Those who, like my friend Helen (as mentioned in last week’s review of La Marée Jeanne), are allergic to foam and other niceties of so-called molecular cuisine, and those who just crave good old-fashioned French food now and then would do well to have a meal at Au Bon Coin, where the classics of French bistro cooking are still made up fresh, not out of the freezer or a vacuum-packed plastic bag.
I had lunch there the other day with my friend Joan. The restaurant, with its appealing retro decor – zinc-topped wooden bar, white-tiled walls, old enameled advertising plaques – offers a reasonable price for lunch menus: €15.90 for two courses and €19.90 for three (fixed-price menus are also available in the evening).
I started with the hearty chicken-liver pâté
with cognac, served with salad, cornichons and big, fat capers. Joan skipped the starter and went straight to her main course: a whole calf’s
kidney with a sauce flavored with violet mustard and balsamic vinegar and baby-spinach salad on the side.

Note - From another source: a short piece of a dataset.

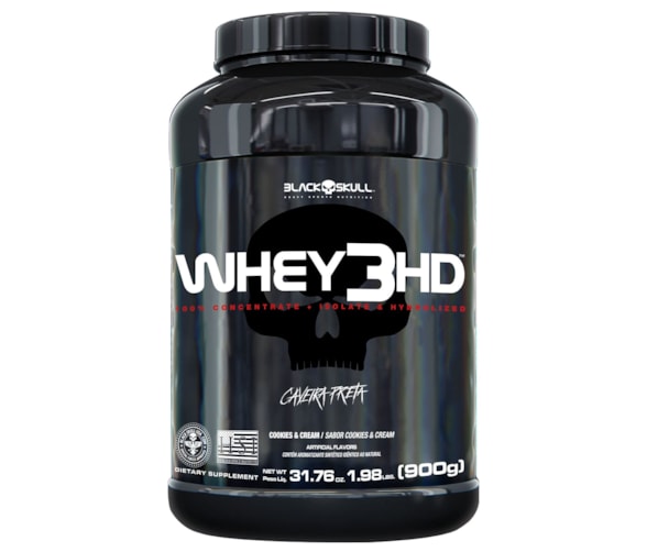 O WHEY 3HD BLACKSKULL USA™ apresenta um blend harmônico entre os três tipos de whey protein (WPC, WPI e WPH):WHEY PROTEIN CONCENTRADO (WPC): é obtido através do processo de ultra filtração do soro do leite. Nesse processo o soro passa por um filtro que segrega parte das moléculas menores como a lactose, gordura e resíduos, e concentra as maiores (proteínas). O WPC pode conter concentrações de proteína distintas, variando de 34% a 80%. O WPC contém gordura, lactose, carboidratos, fibras e minerais em sua composição.WHEY PROTEIN ISOLADO (WPI): por sua vez, o processo de extração da proteína do soro do leite que resulta no WPI é o de microfiltração, uma etapa posterior à de ultrafiltração. O processo de microfiltração remove os grandes glóbulos e moléculas de gordura, os quais são concentrados e separados dos demais componentes do soro de leite. Como consequência deste processo temos um produto com elevados teores proteicos (superiores a 90% de concentração) e baixos ou livres teores de lactose e gordura.WHEY PROTEIN HIDROLISADO (WPH): para chegar na proteína hidrolisada do soro do leite, o WPC ou WPI passam por um processo chamado hidrólise enzimática quebrando as moléculas de proteína em peptídeos menores, garantindo velocidade máxima de absorção.As proteínas são nutrientes chave para o período de recuperação quanto e ganho de massa muscular. As fontes possuem tempos de absorção diferentes mantendo os aminoácidos no sangue por tempo prolongado quando comparamos a um suplemento contendo apenas uma fonte de whey.São 32g de proteínas e 7,1g de BCAAs por dose que irão transformar seus objetivos em resultados.

My main course was a delicious crispy-tender-fatty
piece of pork belly with a Xeres-flavored jus, served with a generous helping of mashed potatoes.

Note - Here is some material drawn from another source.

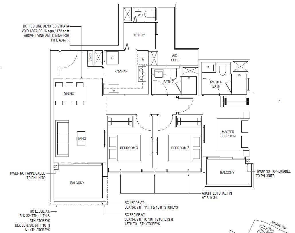 | 3 Bedroom Penthouse (D) | 1119 - 1163 | 5 |

Like the other courses, the desserts were classics with an added twist. The floating
island was streaked with pink praline and floated in a pool of pistachio-flavored crème anglaise. My crème caramel was flavored with bergamot and came with two almond sacristans (stick-shaped cookies made with puff pastry). The floating island was tasty, but I found the crème caramel rather pedestrian.
Places like Au Bon Coin, a haven for meat-and-potatoes fans (although the chef added a few little flourishes, unnecessary in my book), are becoming increasingly rare, but there are still a few left – I had a similarly simple, satisfying, high-quality meal recently at an old standby in the 10th arrondissement, La Marine – offering hope to those who are fed up with frills and tired of trends.